The structure of the rest of this paper is as follows. Section II provides a summary of the prepared COVID-Xray-5k Dataset. Section III presents the description of the overall proposed framework. Section IV provides the experimental studies and comparison with previous works. And finally the paper is concluded in Section V.

Ii COVID-Xray-5k Dataset

We have used the X-ray images from two datasets, to create the COVID-Xray-5k dataset.
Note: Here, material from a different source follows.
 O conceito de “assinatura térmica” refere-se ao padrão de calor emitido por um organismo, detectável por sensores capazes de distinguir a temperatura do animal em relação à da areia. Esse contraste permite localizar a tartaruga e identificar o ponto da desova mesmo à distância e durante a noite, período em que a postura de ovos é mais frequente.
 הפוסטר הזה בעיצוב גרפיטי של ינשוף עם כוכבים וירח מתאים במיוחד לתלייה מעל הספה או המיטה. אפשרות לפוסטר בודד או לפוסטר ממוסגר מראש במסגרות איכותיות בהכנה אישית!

The COVID-Xray-5k dataset contains 2,031 training images, and 3,040 test images.

One of the used datasets is the recently published Covid-Chestxray-Dataset, which contains a set of images from publications on COVID-19 topics, collected by Joseph Paul Cohen [9, 10]. This dataset contains a mix of chest X-ray and CT images. As of March, 23, 2020, it contained 23 CT images (22 COVID-19, and 1 Non-Covid), and 126 X-ray images (102 COVID-19, and 24 Non-COVID images). It is mentioned that this dataset is continuously updated. It also contains some meta-data about each patients, such as sex and age. Our COVID-19 images are all coming from this dataset. The provided 102 COVID-19 images were examined by our board-certified radiologist which led to elimination of all lateral images and some less-reliable anterior-posterior images, yielding 71 X-ray images with COVID-19. Therefore, we have chosen 40 COVID-19 images to include in the test set (to meet some maximum confidence interval value), and 31 COVID-19 images for the training set. Data augmentation is applied to the training set to increase the number of COVID-19 samples to 496 (by a combination of flipping, rotation, small distortion, and over-sampling). We made sure all images for each patient go only to one of the training or test sets. It is worth mentioning that our radiologist marked some of the likely regions, which can have some sign of Covid-19 too.
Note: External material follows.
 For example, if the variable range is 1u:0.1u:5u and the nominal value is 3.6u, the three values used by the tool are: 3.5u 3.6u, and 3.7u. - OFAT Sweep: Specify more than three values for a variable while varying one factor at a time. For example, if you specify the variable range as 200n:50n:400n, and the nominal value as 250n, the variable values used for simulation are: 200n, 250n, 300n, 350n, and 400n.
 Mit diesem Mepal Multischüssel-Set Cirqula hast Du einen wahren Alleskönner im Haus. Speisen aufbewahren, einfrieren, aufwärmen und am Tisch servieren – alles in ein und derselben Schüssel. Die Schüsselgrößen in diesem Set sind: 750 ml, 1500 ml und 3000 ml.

Since the number of Non-Covid images was very small in the [9] dataset, additional images were employed from the ChexPert dataset [11], a large public dataset for chest radiograph interpretation consisting of 224,316 chest radiographs of 65,240 patients, labeled for the presence of 14 sub-categories (no-finding, Edema, Pneumonia, etc.). For the non-COVID samples in the training set, we only used images belonging to a single sub-category, composed of 700 images form no-finding class and 100 images from each remaining 13 sub-classes, resulting in 2,000 non-COVID images. As for the Non-COVID samples in the test dataset, we selected 1,700 images from no-finding category and around 100 images from each remaining 13 sub-classes in distinct sub-folders, resulting into 3000 images in total. The exact number of images of each class for both training and testing is given in Table I.

Split COVID-19 Non-COVID
Training Set 31 (496 after augmentation) 2000
Test Set 40 3000
TABLE I: Number of images per category in COVID-Xray-5k dataset.

Figure 2 shows 16 sample images from COVID-Xray-5k dataset, including 4 COVID-19 images (the first row), 4 normal images from ChexPert (the second row), and 8 images with one of the 13 diseases in ChexPert (third and fourth rows).

Fig. 2: Sample images from COVID-Xray-5k dataset. The images in the first row show 4 COVID-19 images. The images in the second row are 4 sample images of no-finding category in Non-COVID images from ChexPert. The images in the third and fourth rows give 8 sample images from other sub-categotries in ChexPert.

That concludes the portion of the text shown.